REQUIRED ACTION: The records below are to be transcribed exactly from their first line to the line that has "We are ready", inclusive, with every picture omitted.

==== AVAILABLE RECORDS ====

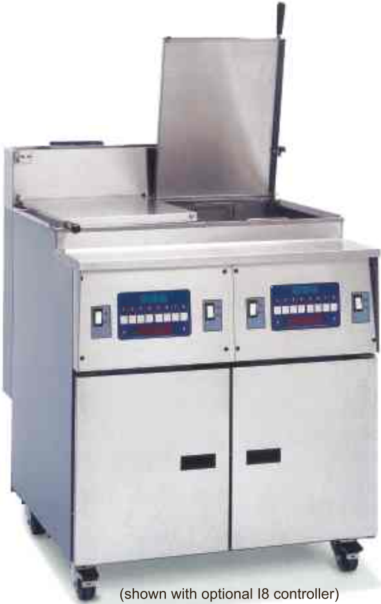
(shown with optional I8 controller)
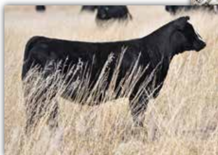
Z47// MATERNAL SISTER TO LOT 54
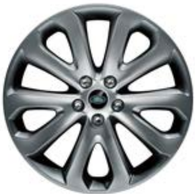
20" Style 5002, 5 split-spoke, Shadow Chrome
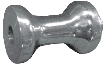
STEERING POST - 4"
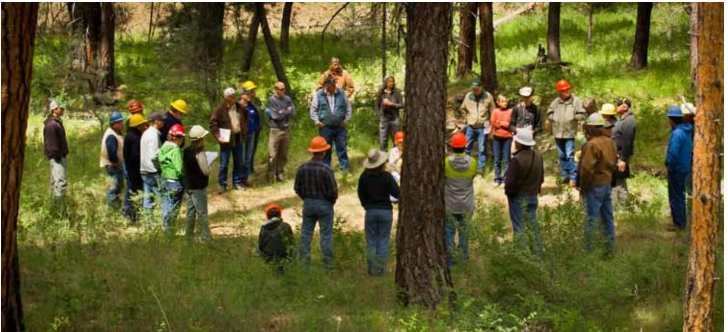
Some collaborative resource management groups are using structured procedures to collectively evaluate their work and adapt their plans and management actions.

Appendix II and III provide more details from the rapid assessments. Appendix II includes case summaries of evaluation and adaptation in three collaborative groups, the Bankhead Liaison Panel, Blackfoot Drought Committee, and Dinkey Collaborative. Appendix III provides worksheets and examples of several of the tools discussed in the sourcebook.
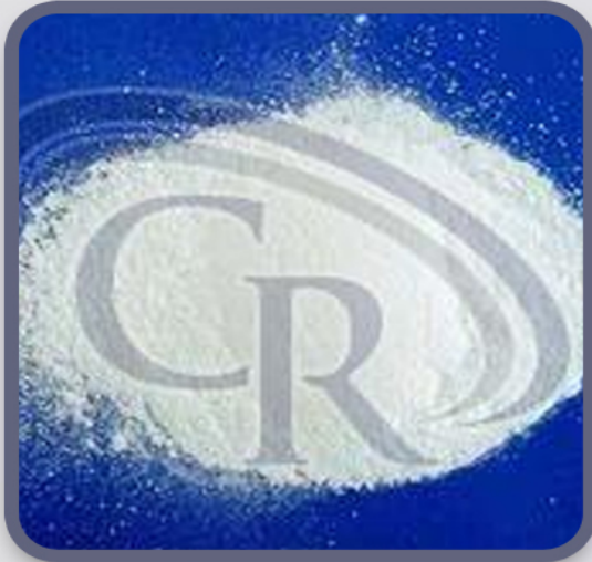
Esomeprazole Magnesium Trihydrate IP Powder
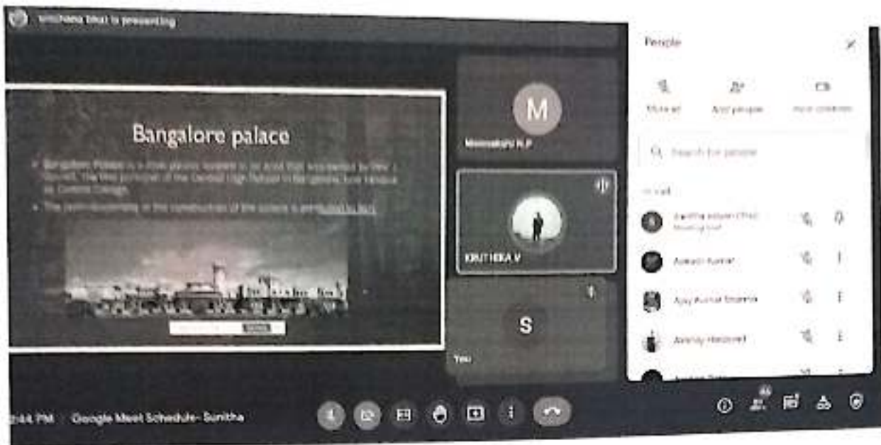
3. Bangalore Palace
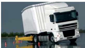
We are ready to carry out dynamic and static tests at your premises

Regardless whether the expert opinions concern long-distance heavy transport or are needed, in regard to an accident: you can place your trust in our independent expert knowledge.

====

ANSWER TO THE PROBLEM:
(shown with optional I8 controller)
Z47// MATERNAL SISTER TO LOT 54
20" Style 5002, 5 split-spoke, Shadow Chrome
STEERING POST - 4"
Some collaborative resource management groups are using structured procedures to collectively evaluate their work and adapt their plans and management actions.

Appendix II and III provide more details from the rapid assessments. Appendix II includes case summaries of evaluation and adaptation in three collaborative groups, the Bankhead Liaison Panel, Blackfoot Drought Committee, and Dinkey Collaborative. Appendix III provides worksheets and examples of several of the tools discussed in the sourcebook.
Esomeprazole Magnesium Trihydrate IP Powder
3. Bangalore Palace
We are ready to carry out dynamic and static tests at your premises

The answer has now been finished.